Everything below from the line with "在XX市XX区交通运输局传达学习党的二十届四中全会精神专题会议上的讲话" through the line with "Затем Ким Чен" should be copied exactly, and nothing else; leave out the pictures.

■ Source data ■
:::::

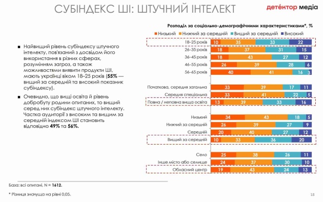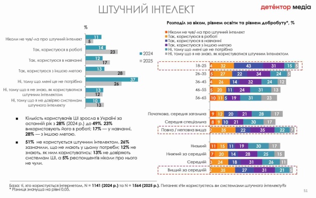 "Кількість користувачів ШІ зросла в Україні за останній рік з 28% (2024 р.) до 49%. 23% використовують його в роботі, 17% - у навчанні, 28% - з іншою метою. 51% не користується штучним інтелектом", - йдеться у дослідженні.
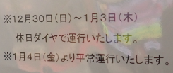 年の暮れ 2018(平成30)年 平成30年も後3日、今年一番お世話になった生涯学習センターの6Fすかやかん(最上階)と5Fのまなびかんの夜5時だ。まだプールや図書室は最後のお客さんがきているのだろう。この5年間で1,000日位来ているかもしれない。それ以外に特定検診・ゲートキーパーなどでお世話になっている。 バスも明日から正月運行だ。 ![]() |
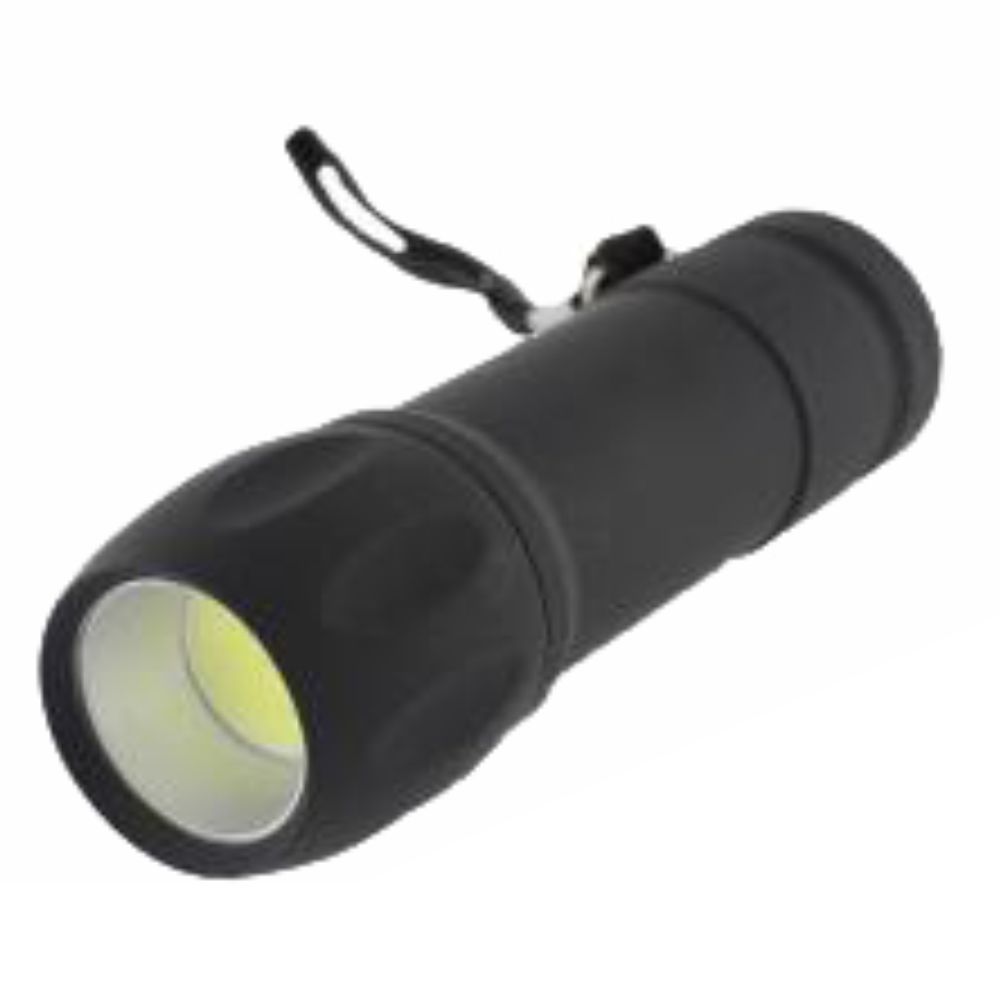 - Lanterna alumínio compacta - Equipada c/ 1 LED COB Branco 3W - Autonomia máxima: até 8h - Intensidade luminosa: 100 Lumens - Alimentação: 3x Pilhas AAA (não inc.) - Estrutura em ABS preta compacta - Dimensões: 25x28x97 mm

:::::

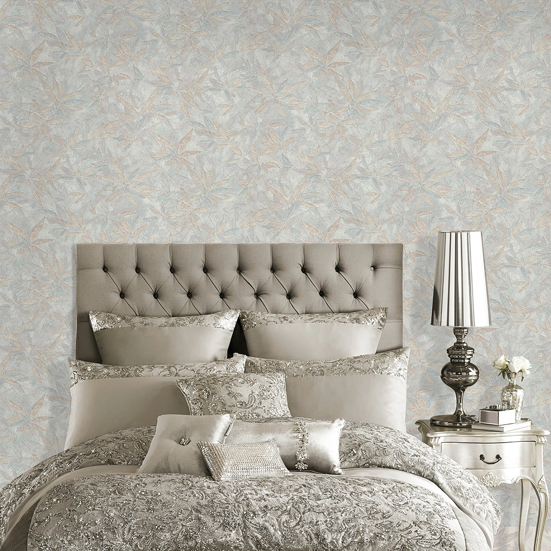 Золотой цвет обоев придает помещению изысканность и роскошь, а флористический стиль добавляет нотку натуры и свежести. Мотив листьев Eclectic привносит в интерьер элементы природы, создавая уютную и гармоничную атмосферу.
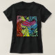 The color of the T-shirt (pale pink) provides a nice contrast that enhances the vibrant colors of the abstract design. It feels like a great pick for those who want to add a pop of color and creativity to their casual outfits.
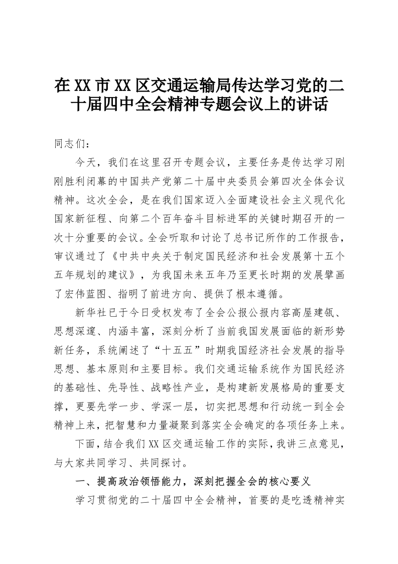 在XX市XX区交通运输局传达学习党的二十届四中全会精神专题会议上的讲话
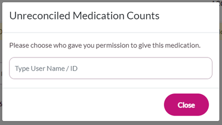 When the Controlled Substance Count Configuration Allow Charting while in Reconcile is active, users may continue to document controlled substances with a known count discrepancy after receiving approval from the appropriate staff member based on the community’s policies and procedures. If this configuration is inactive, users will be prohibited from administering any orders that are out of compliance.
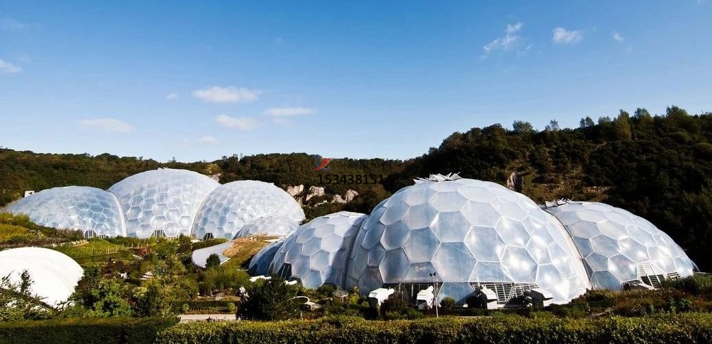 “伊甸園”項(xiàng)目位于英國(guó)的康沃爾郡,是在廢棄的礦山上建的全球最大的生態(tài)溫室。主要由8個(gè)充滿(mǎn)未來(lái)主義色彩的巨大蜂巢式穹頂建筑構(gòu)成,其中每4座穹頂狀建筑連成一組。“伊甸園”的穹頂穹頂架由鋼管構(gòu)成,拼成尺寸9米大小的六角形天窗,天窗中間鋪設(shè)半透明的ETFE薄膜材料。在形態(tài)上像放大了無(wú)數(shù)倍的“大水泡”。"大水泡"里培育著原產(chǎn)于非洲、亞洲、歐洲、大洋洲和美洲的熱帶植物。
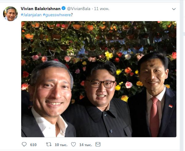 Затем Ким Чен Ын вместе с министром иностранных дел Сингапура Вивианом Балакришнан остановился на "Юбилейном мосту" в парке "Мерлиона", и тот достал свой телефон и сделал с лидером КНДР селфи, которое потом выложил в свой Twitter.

:::::

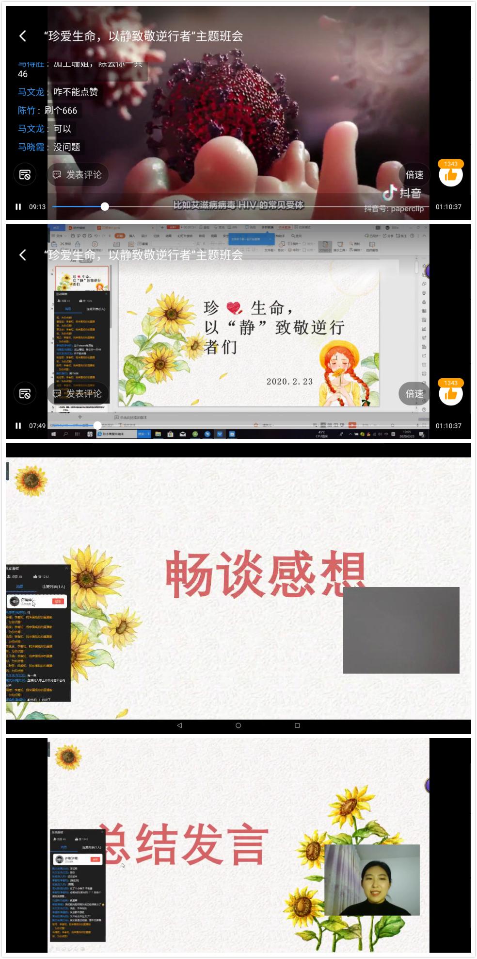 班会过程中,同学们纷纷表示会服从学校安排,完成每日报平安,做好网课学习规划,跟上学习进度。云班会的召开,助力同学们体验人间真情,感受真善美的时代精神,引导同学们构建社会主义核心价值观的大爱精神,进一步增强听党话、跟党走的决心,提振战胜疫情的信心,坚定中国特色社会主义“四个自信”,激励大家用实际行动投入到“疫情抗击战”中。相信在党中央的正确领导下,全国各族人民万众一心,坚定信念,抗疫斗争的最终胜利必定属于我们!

:::::

■ Answer to this exercise ■
 在XX市XX区交通运输局传达学习党的二十届四中全会精神专题会议上的讲话
 When the Controlled Substance Count Configuration Allow Charting while in Reconcile is active, users may continue to document controlled substances with a known count discrepancy after receiving approval from the appropriate staff member based on the community’s policies and procedures. If this configuration is inactive, users will be prohibited from administering any orders that are out of compliance.
 “伊甸園”項(xiàng)目位于英國(guó)的康沃爾郡,是在廢棄的礦山上建的全球最大的生態(tài)溫室。主要由8個(gè)充滿(mǎn)未來(lái)主義色彩的巨大蜂巢式穹頂建筑構(gòu)成,其中每4座穹頂狀建筑連成一組。“伊甸園”的穹頂穹頂架由鋼管構(gòu)成,拼成尺寸9米大小的六角形天窗,天窗中間鋪設(shè)半透明的ETFE薄膜材料。在形態(tài)上像放大了無(wú)數(shù)倍的“大水泡”。"大水泡"里培育著原產(chǎn)于非洲、亞洲、歐洲、大洋洲和美洲的熱帶植物。
 Затем Ким Чен Ын вместе с министром иностранных дел Сингапура Вивианом Балакришнан остановился на "Юбилейном мосту" в парке "Мерлиона", и тот достал свой телефон и сделал с лидером КНДР селфи, которое потом выложил в свой Twitter.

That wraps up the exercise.